The Na+ Driven Anion Exchanger, NDAE1
Ionic homeostasis is key to normal function of most biological systems. This regulation is especially important for tissues with highly specialized functions, such as the central nervous system (CNS), digestive tract, respiratory tract, and urinary system. Active transport of ions by ATPases (pumps) maintains ionic gradients and aid ion channels in "setting" the membrane potential. Secondary active transporters make use of one or more aspects of the membrane electrochemical gradient to specifically move ions and nutrients into and out of cellular compartments.
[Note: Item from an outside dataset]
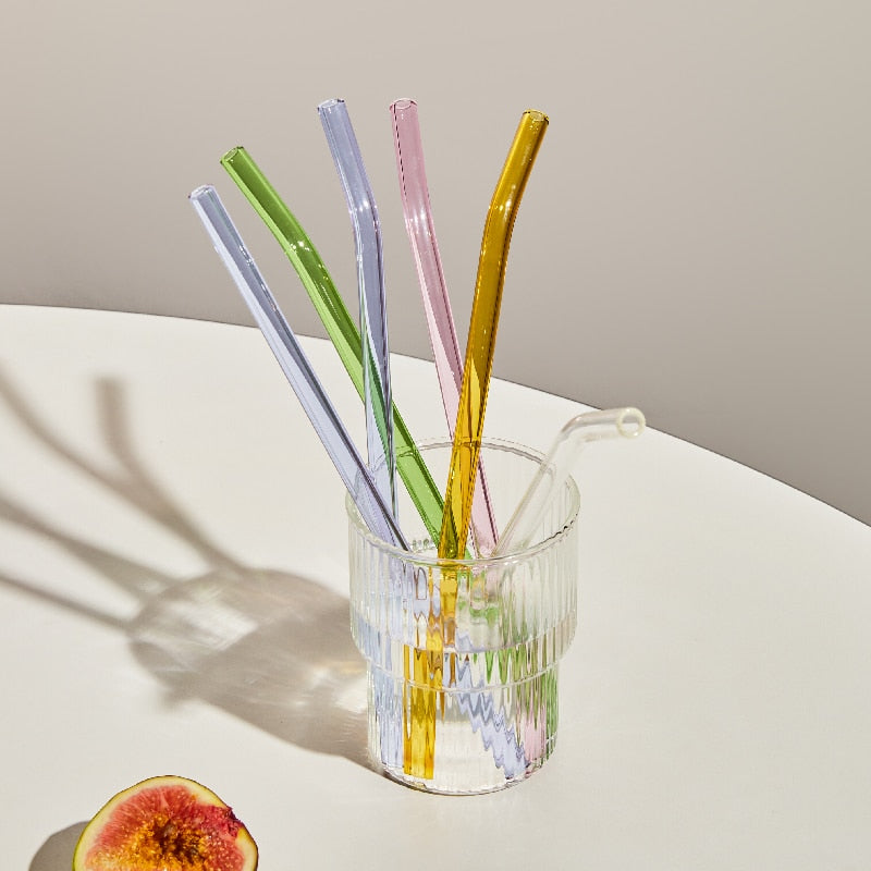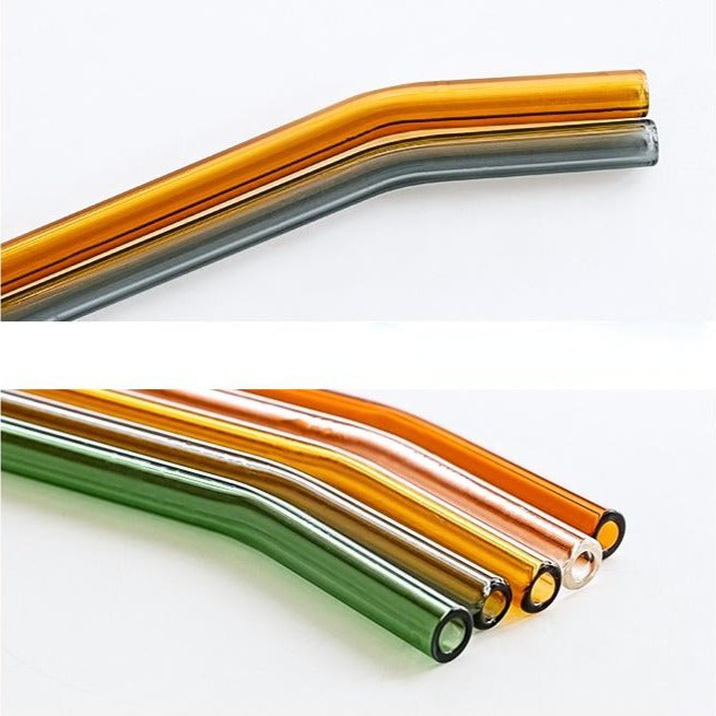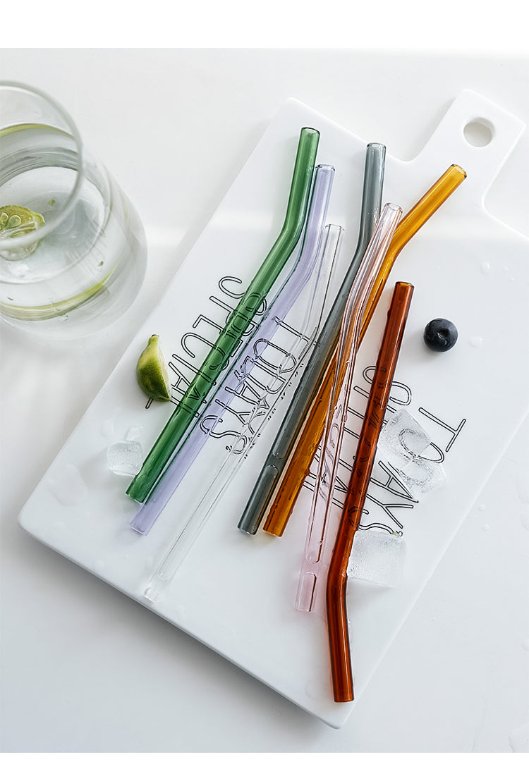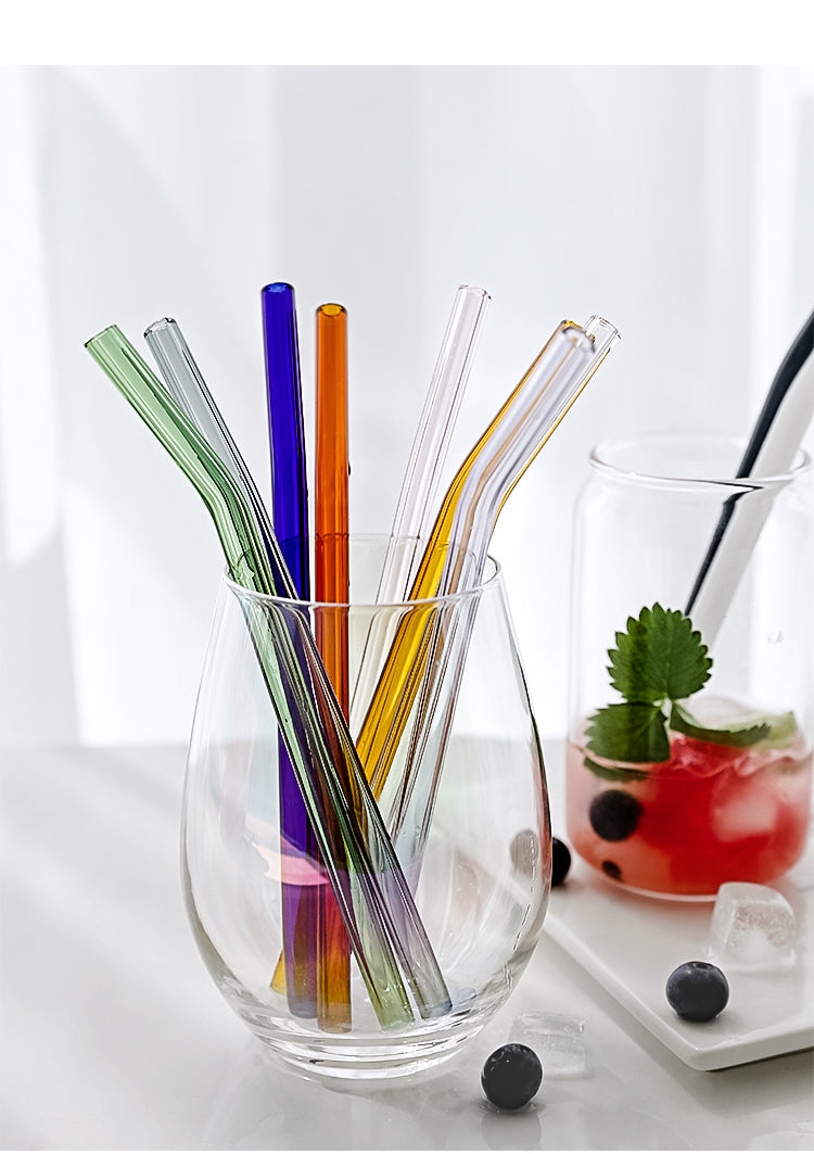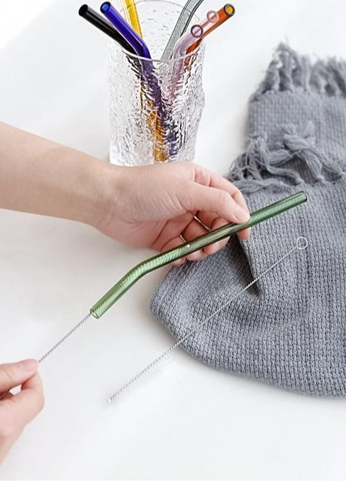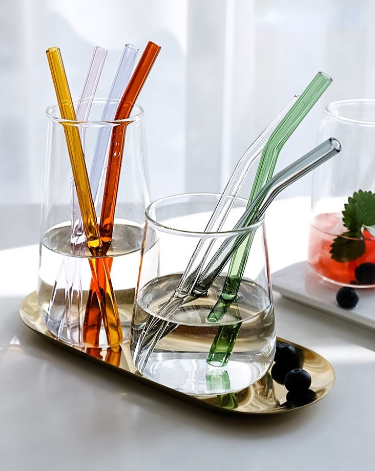 Sip, Sip Hurray! We can all do our part for the environment by replacing plastic straws with these gorgeous Borosilicate glass straws that add color and style to every beverage. Each set consists of 2 straight straws and 2 bent straws, plus a handy cleaning brush. The multicolored Rainbow set consists of 4 bent straws and the cleaning brush. Drink with purpose with eco-friendly reusable straws.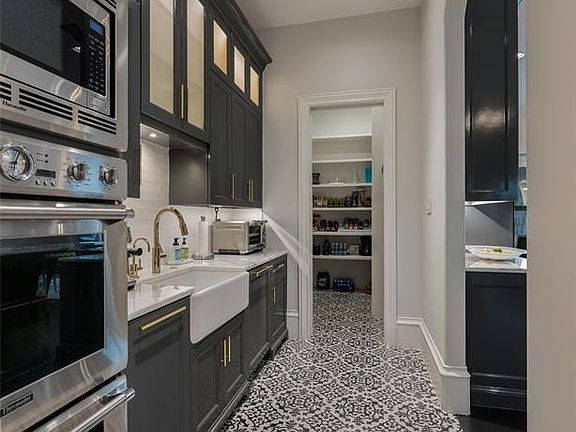 Backing to a greenbelt, this remarkable beauty is the perfect combination of elegant and modern finishes featuring contemporary light fixtures, soaring cathedral ceilings, and a backyard oasis with four living areas, a sparkling pool with waterfalls, and a large grassy area! You're greeted with an elegant iron and glass door, wood flooring, a grand staircase, and a stunning chandelier. The vast formal dining room features a beautiful hanging chandelier, an adjacent butler's pantry and a walk-in chilled wine room. The wine room has a key lock on the door and can hold up to 360 bottles of wine on the display pegs and additional bottles in the lower floating storage. With modern finishes and a wood beamed/designer wallpaper ceiling the chic study features plantation shutters, and custom drapes. Open to the gourmet kitchen, the wood-beamed family room has a captivating petrified wood wall surrounding the woodburning fireplace with gas logs, and built-ins. You can also enjoy the view of the backyard oasis through a wall of windows, with custom shades and drapes. The vast contemporary kitchen offers a high ceiling with a John Richards chandelier, modern light fixtures, an enormous eat-in breakfast bar with a farmhouse sink, Calcutta gold marble countertops, elegant black and gold appliances, ILVE Majestic 6-burner gas with griddle and grill warmer with wok attachments, and 2 ovens, Thermador double refrigerator and freezer, and 2 Thermador dishwashers. The caterer's kitchen is equipped with 2 Thermador ovens, farmhouse sink, stainless-steel appliances and a large walk-in pantry. You can access the back staircase from the catering kitchen. You can access the outdoor living area through the glass wood sliding doors. Retreat to the expansive primary suite with a high ceiling and sitting area with a woodburning fireplace. Unwind in the lavish spa-like primary bathroom with elegant marble floors, 2 vanities, free-standing bathtub, large separate shower, and custom walk-in closet. Head upstairs and spend time in the upstairs living area or entertain in the upstairs game room with a wood-beamed ceiling. It also has an eat-in walk-in wet bar with a Bosch refrigerator and microwave. Walk outside to the large balcony overlooking the sparkling pool! Enjoy the ambiance of a movie theater from the comfort of your own home. The media room is equipped with wall sconces that provide the perfect lighting and speakers. Upstairs there is a second primary suite with a wall of windows with plantation shutters and a spa-like bathroom with a vanity space, separate shower, a garden bathtub, and a walk-in closet. In addition to the second primary suite, there are three secondary bedrooms, one downstairs and two upstairs! All of them have ensuite bathrooms and walk-in closets! Take advantage of an at home gym equipped with mirrored walls and a walk-in closet. This room could also be used as a nursery. Prepare to never want to leave the private backyard oasis complete with two covered outdoor living areas; two additional sitting areas; sparkling pool and spa with fountains; and a large grassy area. Host your family and friends under the outdoor living area with a woodburning fireplace, TV, and a built-in Blaze grill with sink and refrigerator. Take a dive into the inviting pool or enjoy the oversized spa in the backyard oasis. There is enough space for the addition of an elevator! Four-car garage! 2024-06-25

With our cloning of an electrogenic Na+/HCO–3 cotransporter (NBC; i.e., SLC4A4), we found that NBC and the anion exchangers (AEs; i.e., SLC4A1- SLC4A3) form a bicarbonate transporter superfamily (BTS) . More recently three groups have reported unique full-length cDNAs which are additions to the BTS: NBC-2 from retina , an electroneutral NBC (NBCN1) , and NBC-3 (SLC4A7) from muscle . Functional data for NBC-2 has not been reported. NBCN1 is an electroneutral Na+/HCO–3 cotransporter that is partially blocked by DIDS . NBC-3 is currently characterized as a DIDS-insensitive, EIPA-sensitive, Na+/HCO–3 cotransporter whose electrical nature is not yet known. It is presently unclear whether these clones arise from separate genes or are splicing isoforms. Of the NBC clones reported, none are Cl- dependent or transport Cl-.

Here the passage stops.